1. Using IPUs for machine learning

If you have previously been using GPUs for your machine learning (ML) models then there are a few programming changes that you need to be aware of when starting to use IPUs. In this technical note we provide a high-level overview of these differences and give references to where you can find more details.

You can find a good introduction to the IPU programming model in the IPU Programmer’s Guide.
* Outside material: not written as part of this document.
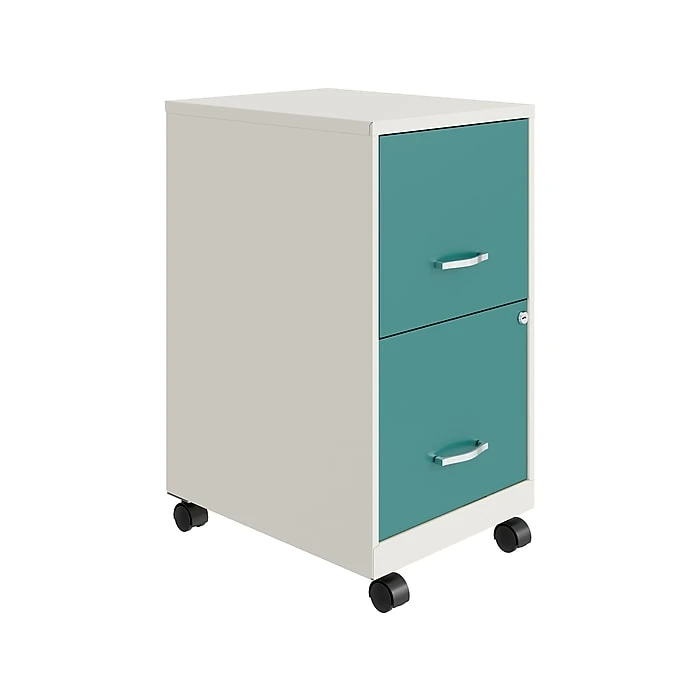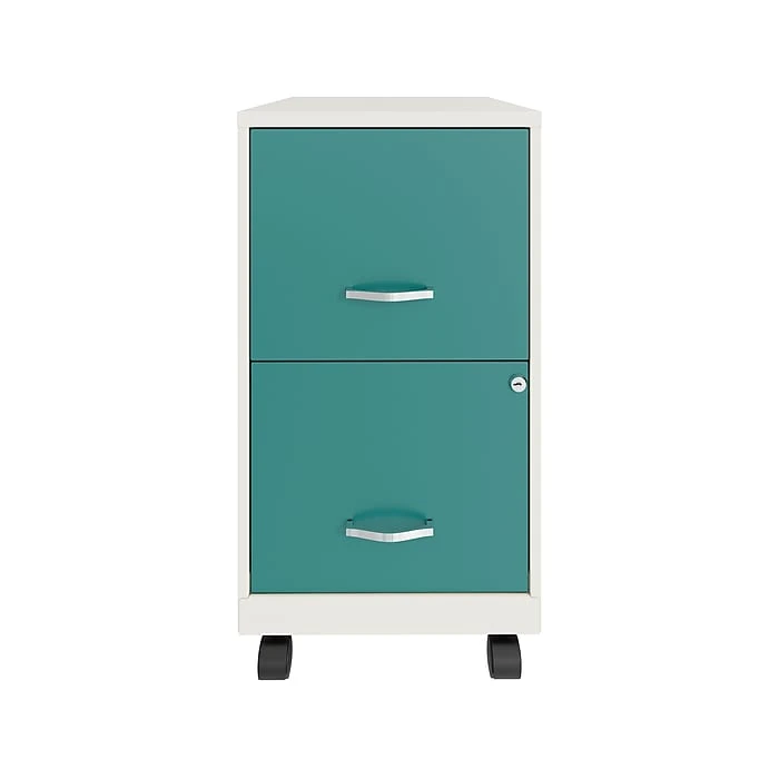 The Space Solutions SOHO Smart File mobile two-drawer metal vertical cabinet is designed for small office or home office use. The cabinet features a smart, efficient design that works well in small spaces and fits under most work surfaces or desks. Each drawer features high sides to accommodate letter-size hanging files. The drawers are also a perfect storage solution for other office essentials. Using a patented glide suspension, the drawers have a smooth open and close slide with a three-quarter drawer extension to prevent tipping. In addition, you can keep your files and possessions secure by using the built-in lock for both drawers. The additional wheels that come with this file cabinet are both stylish and functional, which makes it easy to move around your home or office. Painted steel surface is nonporous and easy to clean. Bring organization and function to your home or office with this stylish mobile two-drawer file cabinet. Your supplies and files will always be organized and within reach.

This document answers the following questions:

What is the Poplar SDK?
What is different for training?
What is different for fine-tuning?
What is different for performance profiling?
What is different for inference?
What if I want to use a larger system?
Can I use HuggingFace models?
Are there Jupyter notebooks for IPUs I can try?
What can I do if I get out of memory errors?
Can I use CUDA code with IPUs?
Where can I find some example code?

2. Poplar SDK

The Poplar® SDK is a complete tool chain for creating graph software in machine learning. Poplar integrates with industry-standard frameworks including TensorFlow, PyTorch, PyTorch Geometric, PyTorch Lightning and Open Neural Network Exchange (ONNX), enabling you to run your machine learning models on IPUs. Models are compiled by Poplar to run in parallel on one or more IPUs.

3. Training on IPUs

There are a few changes that you will need to make to your model when starting to use IPUs instead of GPUs for training. What you will need to change depends on the framework that you originally used for your model.

3.1. PyTorch models

If you want to use IPUs for training your PyTorch model, you will need to use PyTorch for the IPU.

PyTorch for the IPU (also known as PopTorch) is a set of extensions for PyTorch to enable PyTorch models to run directly on the IPU. PopTorch compiles PyTorch models into Poplar executables and also provides IPU-specific functions.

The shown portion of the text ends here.